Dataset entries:
- Opening Delimiter -

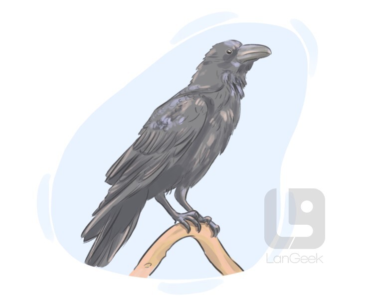 a large black bird belonging to the crow family with shiny feathers and a loud unpleasant call
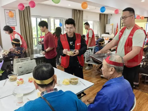 除了知识讲解,联通工作人员更是穿梭于人群中,为老人们分发生日蛋糕和长寿面,与大家一同唱响生日歌,共同分享生日的喜悦。当活动接近尾声,工作人员主动留下收拾现场,确保场地整洁如初,用点滴行动传递关怀与尊重。
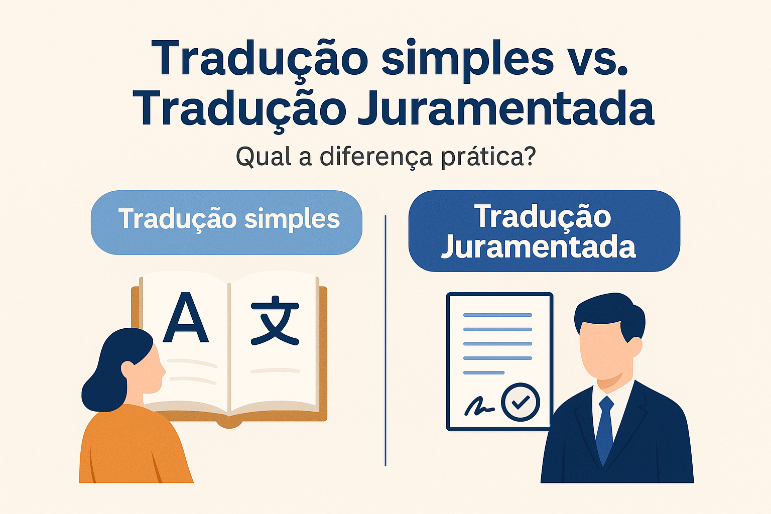 | Aspecto | Tradução Simples | Tradução Juramentada |
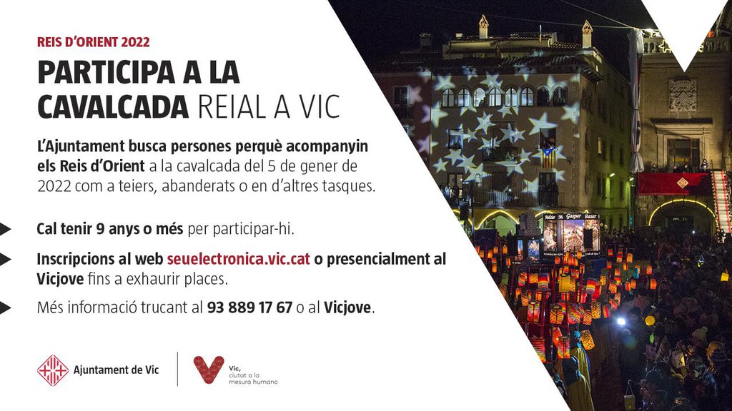 La Cavalcada de Reis de Vic és possible gràcies a la participació de nombroses persones que s'inscriuen gràcies a aquesta crida ciutadana. Des de l'Ajuntament es recorda que la quitxalla, jovent o persones adultes que acompanyen els reis Melcior, Gaspar i Baltasar podran fer-ho com a teiers, abanderats, tamborers o en d'altres tasques d'una de les Cavalcades més tradicionals i emblemàtiques del país.
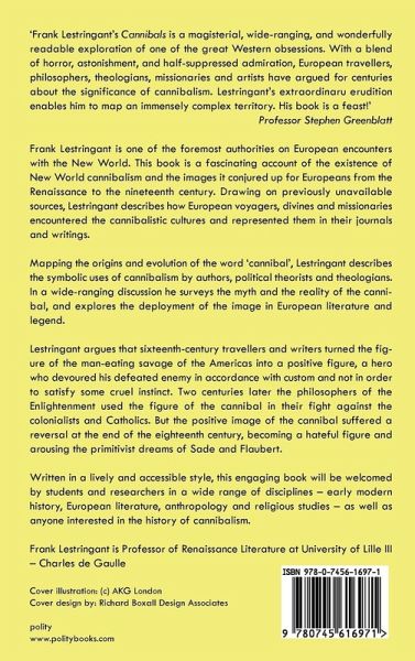 "Frank Lestringant's Cannibals is a magisterial,wide-ranging, and wonderfully readable exploration of one of thegreat Western obsessions. With a blend of horror, astonishment, andhalf-suppressed admiration, European travellers, philosophers,theologians, missionaries and artists have argued for centuriesabout the significance of cannibalism. Lestringant's extraordinaryerudition enables him to map an immensely complex territory. Hisbook is a feast!" Professor Stephen Greenblatt
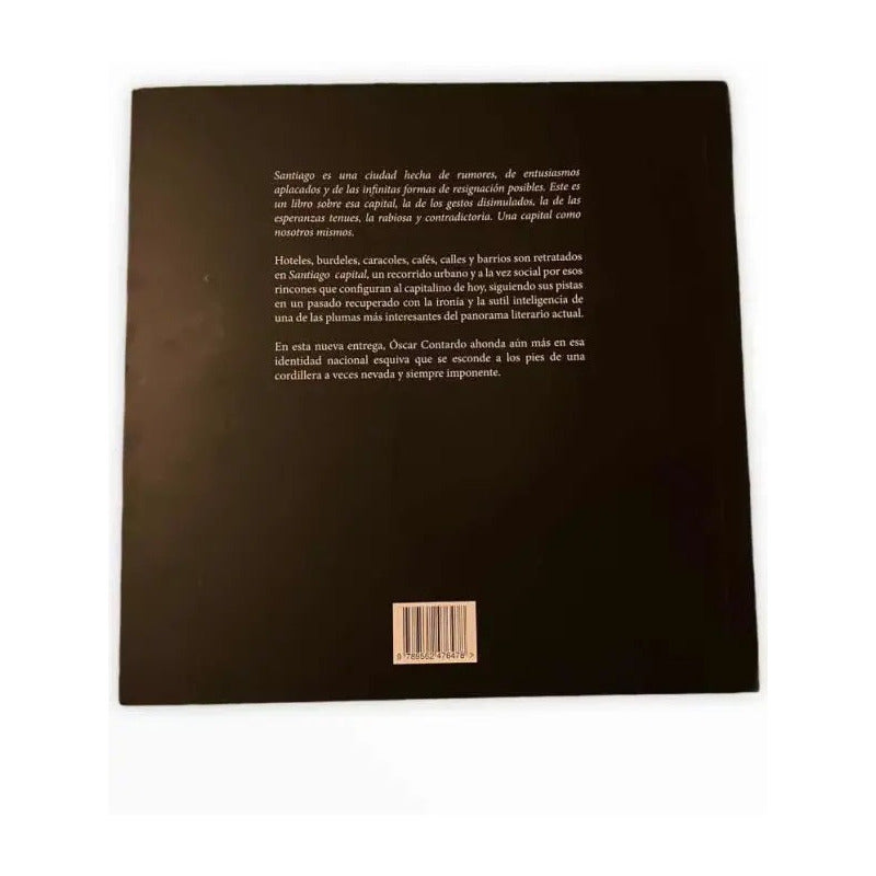 Santiago Capital / Oscar Contardo Reseña: Santiago es una ciudad hecha de rumores, de entusiasmos aplacados y de las infinitas formas de resignación posibles. Este es un libro sobre esa capital, la de los gestos disimulados, la de las esperanzas tenues, la rabiosa y contradictoria. Una capital como nosotros mismos. Hoteles, burdeles, caracoles, cafés, calles y barrios son retratados en ?Santiago Capital?, un recorrido urbano y a la vez social por esos rincones que configuran al capitalino de hoy, siguiendo sus pistas en un pasado recuperado con la ironía y la sutil inteligencia de una de las plumas más interesantes del panorama literario actual.

- Closing Delimiter -

◆ Your goal
Return the preceding entries exactly, each word as given, but leave out any picture.

◆ Task answer
 a large black bird belonging to the crow family with shiny feathers and a loud unpleasant call
 除了知识讲解,联通工作人员更是穿梭于人群中,为老人们分发生日蛋糕和长寿面,与大家一同唱响生日歌,共同分享生日的喜悦。当活动接近尾声,工作人员主动留下收拾现场,确保场地整洁如初,用点滴行动传递关怀与尊重。
 | Aspecto | Tradução Simples | Tradução Juramentada |
 La Cavalcada de Reis de Vic és possible gràcies a la participació de nombroses persones que s'inscriuen gràcies a aquesta crida ciutadana. Des de l'Ajuntament es recorda que la quitxalla, jovent o persones adultes que acompanyen els reis Melcior, Gaspar i Baltasar podran fer-ho com a teiers, abanderats, tamborers o en d'altres tasques d'una de les Cavalcades més tradicionals i emblemàtiques del país.
 "Frank Lestringant's Cannibals is a magisterial,wide-ranging, and wonderfully readable exploration of one of thegreat Western obsessions. With a blend of horror, astonishment, andhalf-suppressed admiration, European travellers, philosophers,theologians, missionaries and artists have argued for centuriesabout the significance of cannibalism. Lestringant's extraordinaryerudition enables him to map an immensely complex territory. Hisbook is a feast!" Professor Stephen Greenblatt
 Santiago Capital / Oscar Contardo Reseña: Santiago es una ciudad hecha de rumores, de entusiasmos aplacados y de las infinitas formas de resignación posibles. Este es un libro sobre esa capital, la de los gestos disimulados, la de las esperanzas tenues, la rabiosa y contradictoria. Una capital como nosotros mismos. Hoteles, burdeles, caracoles, cafés, calles y barrios son retratados en ?Santiago Capital?, un recorrido urbano y a la vez social por esos rincones que configuran al capitalino de hoy, siguiendo sus pistas en un pasado recuperado con la ironía y la sutil inteligencia de una de las plumas más interesantes del panorama literario actual.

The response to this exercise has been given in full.